Snapchat will sell its new video-capturing glasses via vending machines called Snapbots. The ephemeral company says the vending machines are only available for about a day at each location before they’re removed.

All it takes to steal your face is a special pair of glasses

New research from Carnegie Mellon University shows that facial recognition software is far from secure. The team used a special pair of eyeglass frames printed with a pattern that is perceived by the computer as facial details of another person. This pattern caused commercial-grade facial recognition software into identifying the wrong person with 100% success (failure?).

Apple working on Google Glass-style AR glasses

While still in an exploration phase, the device would connect wirelessly to iPhones, show images and other information in the wearer’s field of vision, and may use augmented reality. The company has ordered small quantities of near-eye displays from one supplier for testing, but hasn’t ordered enough components to indicate imminent mass-production.

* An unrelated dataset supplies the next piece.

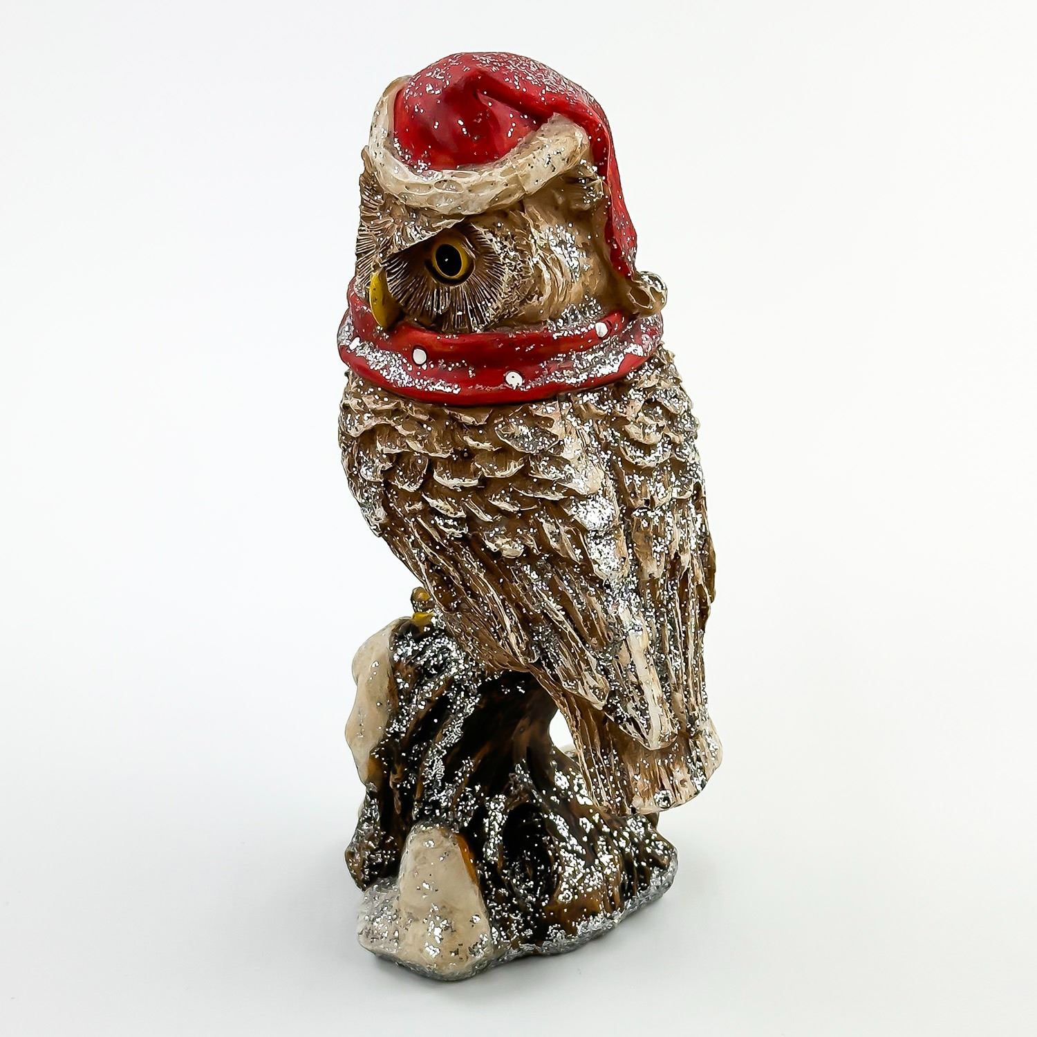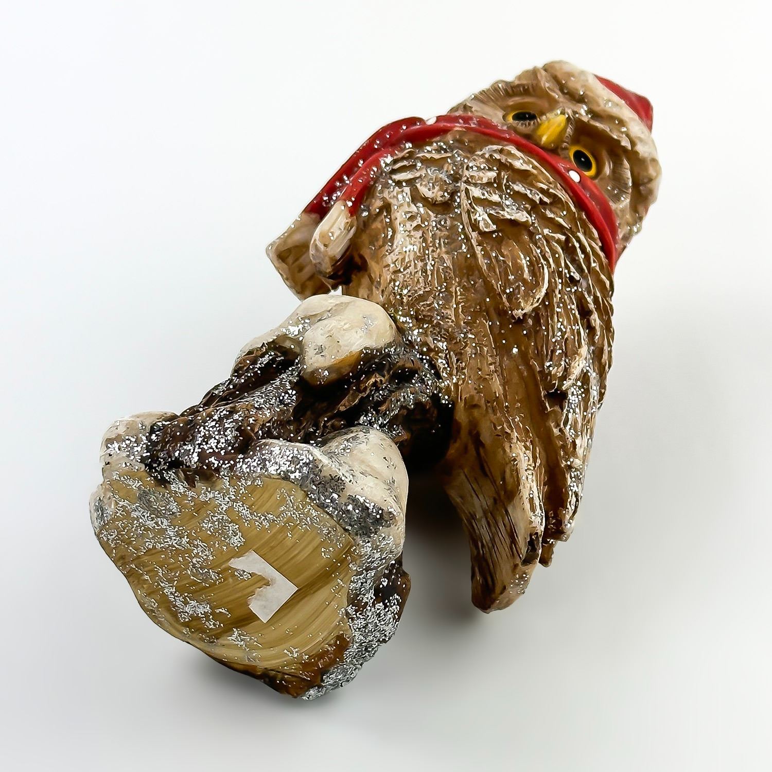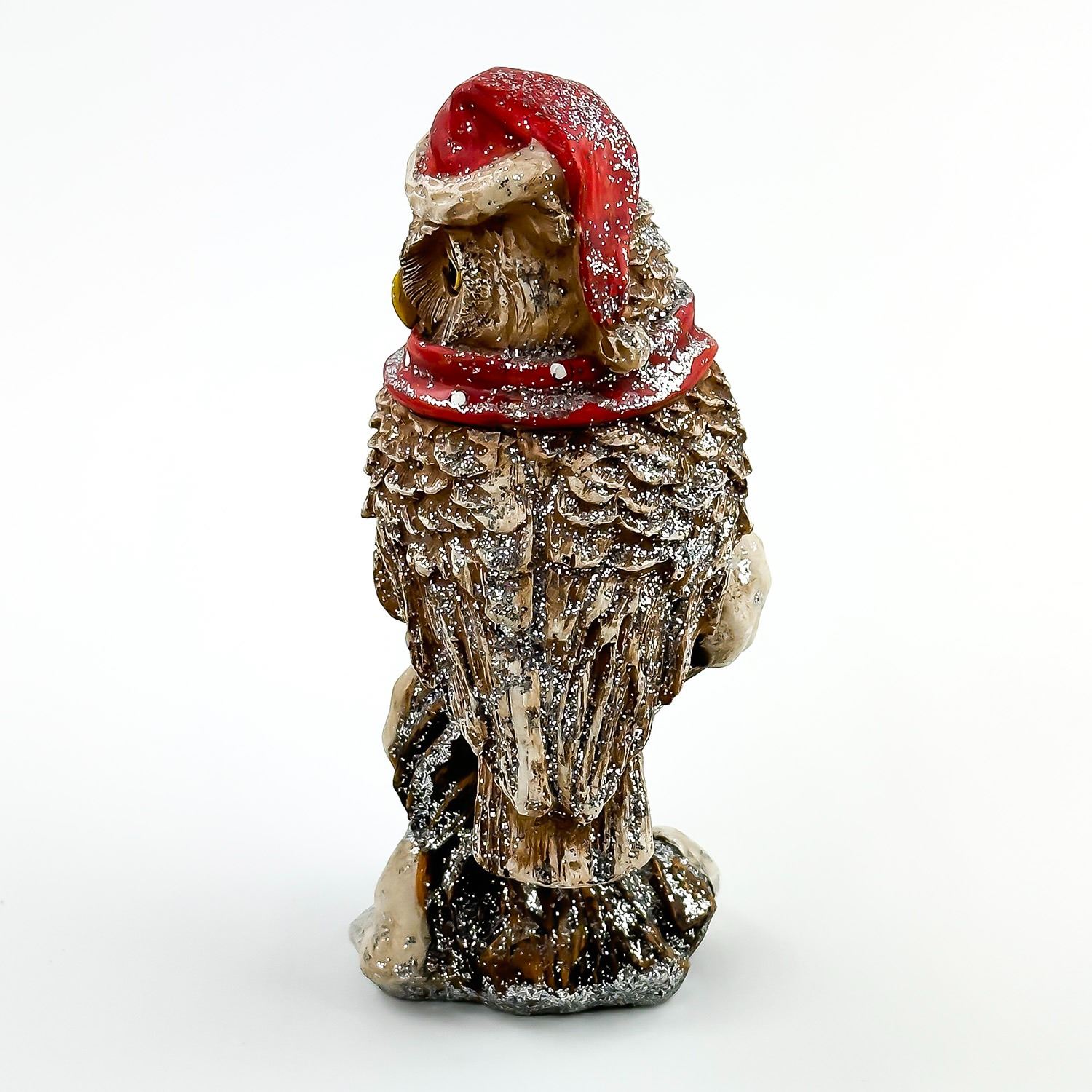 #8007 - UNMARKED OWL SCULPTURE. APPEARS TO BE MADE OF A RESIN TYPE OF MATERIAL - THE SILVER IS GLITTER. MEASURES: 7” (18 CM) HIGH BY 3.5” (9 CM) WIDE AND 3”(8 CM) DEEP

Facebook has added a little AI to its app

The company shipped an AI-based style transfer framework called Caffe2Go, which runs a neural network in real time on your mobile devices. Facebook says it can execute neural nets in less than 1/20th of a second.

So now you can transform your Facebook photos and videos into the style of a Picasso, Van Gogh, or a Warhol, just like Prisma.

Facebook is currently focused on three main areas of research – connectivity, virtual reality and artificial intelligence.

Meanwhile, Prisma now lets iPhone 6S and 7 owners broadcast to Facebook Live using one of eight Prisma artistic filters.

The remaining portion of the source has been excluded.